I have a triangle $ABC$ and a point $P$ with barycentric coordinates ($\alpha, \beta, \gamma)$ that I want to reflect about the sides $a,b$ and $c$.
Calculating the general expression for a displacement vector perpendicular to $c$ and then using $|PB|=|P'B|$, I got
$$P'=\left(\alpha+x, \beta-\frac{S_A}{c^2}x, \gamma-\frac{S_B}{c^2}x\right)$$
for the reflection about $c$, where
$$x=\frac{-a^2\left((\beta-1)(-\frac{S_B}{c^2})+\gamma(-\frac{S_A}{c^2})\right)-b^2\left(\gamma+\alpha(-\frac{S_B}{c^2})\right)-c^2\left(\alpha(-\frac{S_A}{c^2})+(\beta-1)\right)}{\frac{S_A}{c^2}+\frac{S_B}{c^2}-\frac{S_A S_B}{c^4}}$$
and
$$S_A=\frac{-a^2+b^2+c^2}{2}, S_B=\frac{a^2-b^2+c^2}{2}$$
is Conway's Notation.
Can anyone confirm this or provide an easier formula? Any help is appreciated.
Best Answer
Without loss of generaliy let $A=(x_1,y_1), B=(0,0), C(x_3,0)$ be the cartesian coordinates of triangle of reference ABC with $y_1>0$ and $x_3>0$.

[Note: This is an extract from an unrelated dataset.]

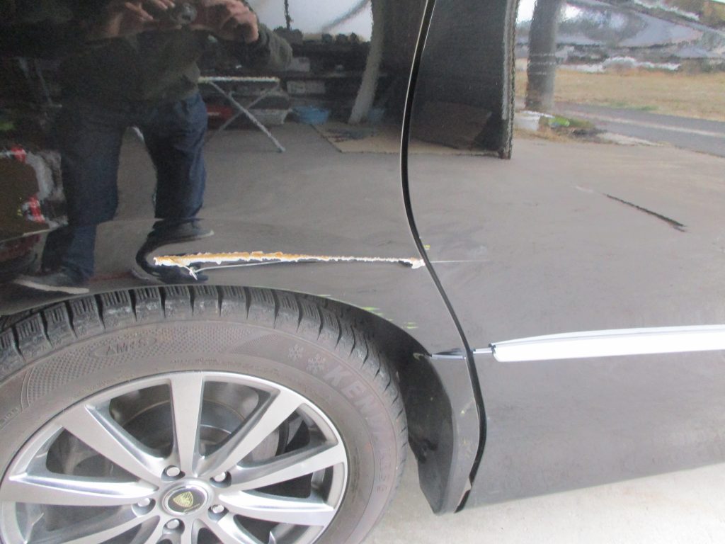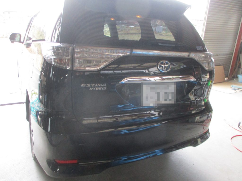 エスティマのリアクォータが横に深く凹んでいて傷もあります。スライドドアにも少しキズヘコミがあり、下のカバーも損傷がありリアクォータ側は安価ですので部品交換します。

If $P=(\alpha, \beta,\gamma)$ are the absolute barycentric coordinates of point P, then its cartesian coordinates are $P=(x_0,y_0)=(\alpha x_1 +\gamma x_3, \alpha y_1)$.
Let $P'$ be the projection of point P on side BC and $(0,\beta',\gamma')$ its absolute barycentric coordinates. Therefore its cartesian coordinates are $(x_0,0)$.
Besides that, by the definition of barycentric coordinates we have $$\gamma'={S_{P'AB}\over S_{ABC}}={(1/2)x_0y_1\over (1/2)x_3y_1}={x_0\over x_3}={\alpha x_1 +\gamma x_3\over x_3}=\gamma +{x_1\over x_3}\alpha$$ $$\gamma'=\gamma +{c\cos B\over a}\alpha$$ $$\gamma'=\gamma +{a^2+c^2-b^2\over 2a^2}\alpha$$
As for $\beta'$, since $\beta'=1-\gamma'$ and $\alpha+\beta+\gamma=1$, we get $$\beta'=\beta+{a^2+b^2-c^2\over 2a^2}\alpha$$
Therefore the barycentric absolute coordinates of the reflexion point of P about BC are
$$(-\alpha,\beta+{a^2+b^2-c^2\over a^2}\alpha,\gamma +{a^2+c^2-b^2\over a^2}\alpha)$$
In like manner we get similar formulas for the reflexion point of P about CA and AB.